Sep 19, 2006

take that, snack machine!

I put my money into the snack machine at school to get some Funyuns. I'm already apprehensive because this machine never gives change. It's like DVC is paying for thier new Book Store 15 cents at a time. fuckers... anyway, since i was paying attention to the change thing, I was excited to hear the "plop plop" of my nickel and dime. but then realized i didnt hear the sound of my chips falling into the bay at the bottom. as i look my Funyuns are hanging by a thread up in the dispenser. I yell loudly, "You gotta be kidding me!" scaring the freshman girl getting a soda. I slammed and shook the machine thinking to myself, the one time i get my change, they still fuck me by not giving me my chips.

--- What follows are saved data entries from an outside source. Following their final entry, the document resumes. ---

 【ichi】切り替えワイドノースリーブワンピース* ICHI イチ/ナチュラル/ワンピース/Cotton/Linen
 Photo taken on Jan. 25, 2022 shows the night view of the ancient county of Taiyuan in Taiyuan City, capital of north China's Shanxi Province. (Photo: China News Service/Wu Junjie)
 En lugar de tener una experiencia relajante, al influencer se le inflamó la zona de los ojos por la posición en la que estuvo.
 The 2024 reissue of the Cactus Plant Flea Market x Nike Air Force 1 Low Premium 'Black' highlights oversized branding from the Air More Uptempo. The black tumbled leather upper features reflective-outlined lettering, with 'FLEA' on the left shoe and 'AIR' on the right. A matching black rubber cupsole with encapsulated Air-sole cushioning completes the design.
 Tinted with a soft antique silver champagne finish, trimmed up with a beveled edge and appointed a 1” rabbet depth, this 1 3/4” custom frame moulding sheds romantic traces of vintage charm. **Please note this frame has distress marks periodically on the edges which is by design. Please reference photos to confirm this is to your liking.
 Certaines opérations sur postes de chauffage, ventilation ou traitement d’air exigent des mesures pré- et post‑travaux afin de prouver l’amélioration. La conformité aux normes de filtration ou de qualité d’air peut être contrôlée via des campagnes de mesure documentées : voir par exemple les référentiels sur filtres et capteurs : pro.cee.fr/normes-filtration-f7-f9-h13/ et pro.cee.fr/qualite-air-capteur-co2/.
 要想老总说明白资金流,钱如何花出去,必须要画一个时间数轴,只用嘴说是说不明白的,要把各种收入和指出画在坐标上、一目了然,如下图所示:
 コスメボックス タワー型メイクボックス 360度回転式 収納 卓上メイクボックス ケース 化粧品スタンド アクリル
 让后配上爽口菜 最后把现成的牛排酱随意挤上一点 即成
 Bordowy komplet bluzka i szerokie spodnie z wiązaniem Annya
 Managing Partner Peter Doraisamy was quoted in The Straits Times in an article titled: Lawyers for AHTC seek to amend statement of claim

I hit and shake violently some more. the girl next to me is getting nervous. I say "what the fuck? damnit!" then as if God heard me or something, a bag falls. but its not my chips its lame ass pretzels.. as i've blogged before, no one likes pretzels. so then i shake some more and i can see my Funyuns wriggling from thier coily springloaded grasp... clunk! HA! sweet retribution! not only did i get my change, i got my Funyuns and FREE pretzels! even tho i hate pretzels, I enjoyed those damn salty sonsa bitches like they were the best pretzels i ever ate!

That warm onion flavored breeze you felt graze your nose last night at around 7:00pm pst. was the wind of justice for everyone who's ever been ripped off by a snack machine.

4 comments:

jimbizzle said...

I once saw someone get so pissed that he punched the glass and broke it. Then he reached in a grabbed his bag of chips, and walked off like nothing happened. It was savage.

Anonymous said...

I like pretzels... especially with cheese.. :)

Anonymous said...

your mom likes pretzels.

btw, just because i don't comment, doesn't mean I don't read.

bastid.

Kirk said...

fuck you haters. i hope the next snack machine eats your money and doesnt release your shitty pretzels.